# Todays Gold Purchase



## Mike Xonox (7 mo ago)

Taking advantage of the dip


----------



## MGNick (Dec 28, 2021)

Pamp's are beautiful. However, I really like the MS64 / 65 Saint's. A stunningly designed US Gold Coin that has "America & Freedom" written all over it. Just my 2 cents.










That said, I think the PM market is destined for somewhat of a beating over the next few months. Europe's economy is going to get clobbered when the Russia's cut their gas supply. That is just on the horizon. When that happens, the US Dollar will shine for a very short time and that will drive PM's down even more. The stock market will get hammered after that and leveraged investors covering shorts will be dumping those paper (PM) ETF's like confetti. That is when it will be buying time. Maybe I will be wrong. Maybe not. A lot of people do not understand gold or silver. They buy it, thinking it is an investment that will bring them profit. It is not. It is to protect your wealth. Easy to tuck away. Easy to pass on, tax free. In my book better than stashing away depreciating paper currency which most people think is backed by "something". If you ask 100 people on the street what backs the US Dollar, they will say gold. Not. Only your dwindling faith backs it these days.

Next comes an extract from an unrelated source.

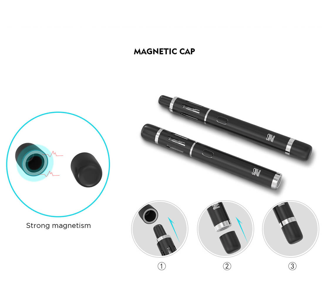 Auch die Sicherheit wurde bedacht und einige Schutzfunktionen installiert. Eine kleine Kappe gehört mit zum Set und ist dafür gedacht, dass das Mundstück nicht durch Staub oder ähnlichem so schnell verunreinigt werden kann. Ein starker Magnet hält die Kappe fest am Pen. Ist das Gerät im Gebrauch besteht die Möglichkeit, die Abdeckung an das untere Ende magnetisch zu befestigen, möchte man den Deckel, während des Nutzung , nicht in der Hand halten.

A lot of Prepper's seem to have no use for PM's but in my book, you can only put back so many beans, bullets and band aids. After you have firmly established your security in all of the above, PM's are a good choice. Even if you are on a shoestring budget, you should have at least a handful of US silver coins. If you look around today, there isn't much to put your wealth into. Good ranch & farm land, some collectibles, gold, and silver. Everything else is pretty much in a bubble. The problem with PM's right now is that the premiums are off the charts. For example, spot silver is $19.19 right now but a US Silver Eagle will cost you $34.00+ each today. That a $15.00 override. Gold's not much better. $1740.00 spot and a US Gold Eagle will set you back $1918.00 That's a $178.00 override. OUCH!


----------